● Assignment:
Transcribe the listing exactly; drop the images.

##### Data below

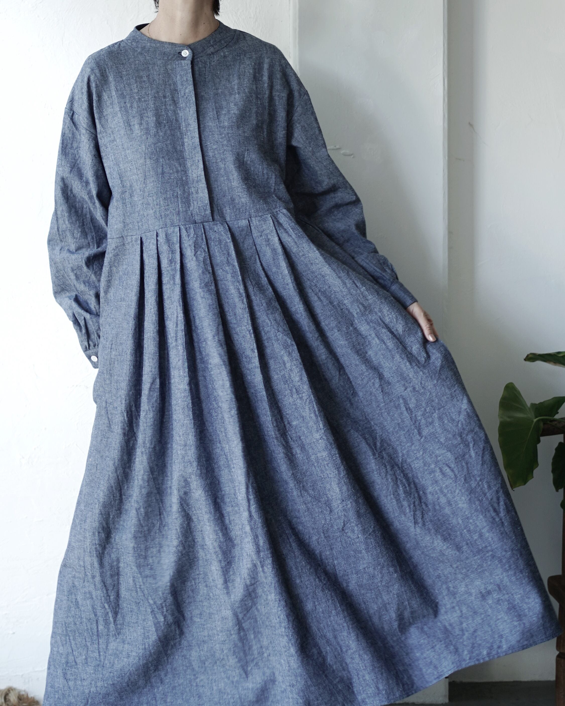ハーフボタンボリュームシャツワンピース[ インディゴ染めシャンブレー]/A HOPE HEMP
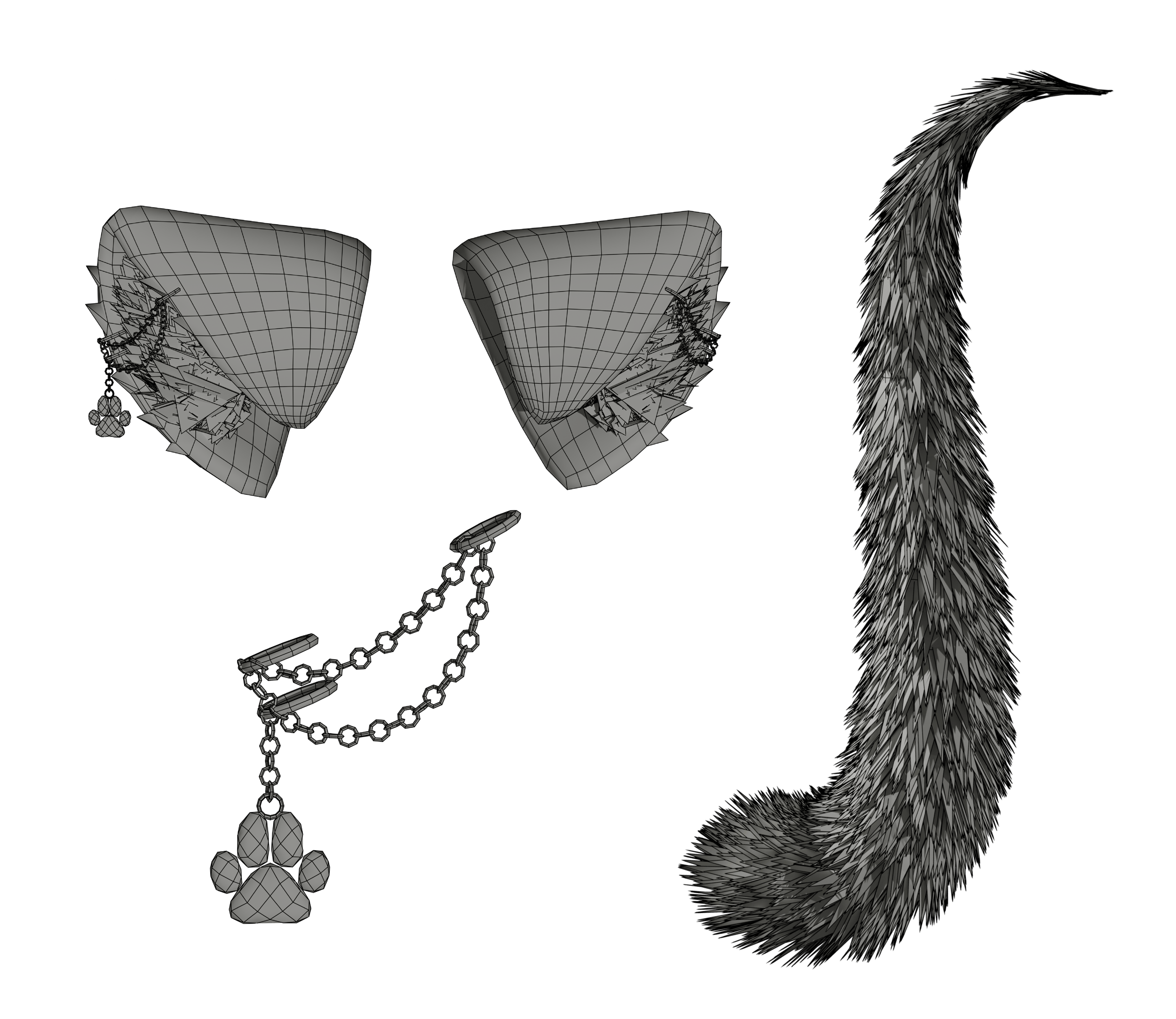 The showcase model is NOT included. Each package only contains the specific items listed in its description (e.g., Hair, Ears & Tail, Tattoo, or Full Bundle). No additional assets beyond those stated are included.
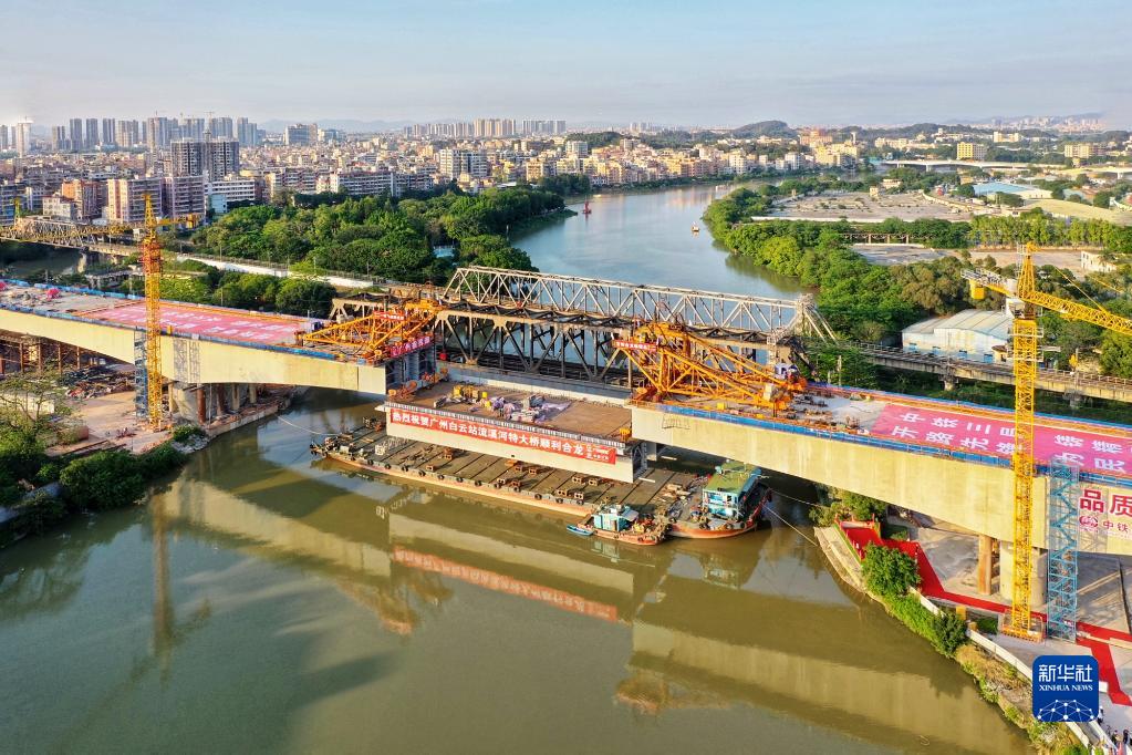流溪河特大橋重達千噸的鋼箱梁主梁進(jìn)行吊裝作業(yè)(4月26日攝,無(wú)人機照片)。

##########

● Response area:
ハーフボタンボリュームシャツワンピース[ インディゴ染めシャンブレー]/A HOPE HEMP
 The showcase model is NOT included. Each package only contains the specific items listed in its description (e.g., Hair, Ears & Tail, Tattoo, or Full Bundle). No additional assets beyond those stated are included.
流溪河特大橋重達千噸的鋼箱梁主梁進(jìn)行吊裝作業(yè)(4月26日攝,無(wú)人機照片)。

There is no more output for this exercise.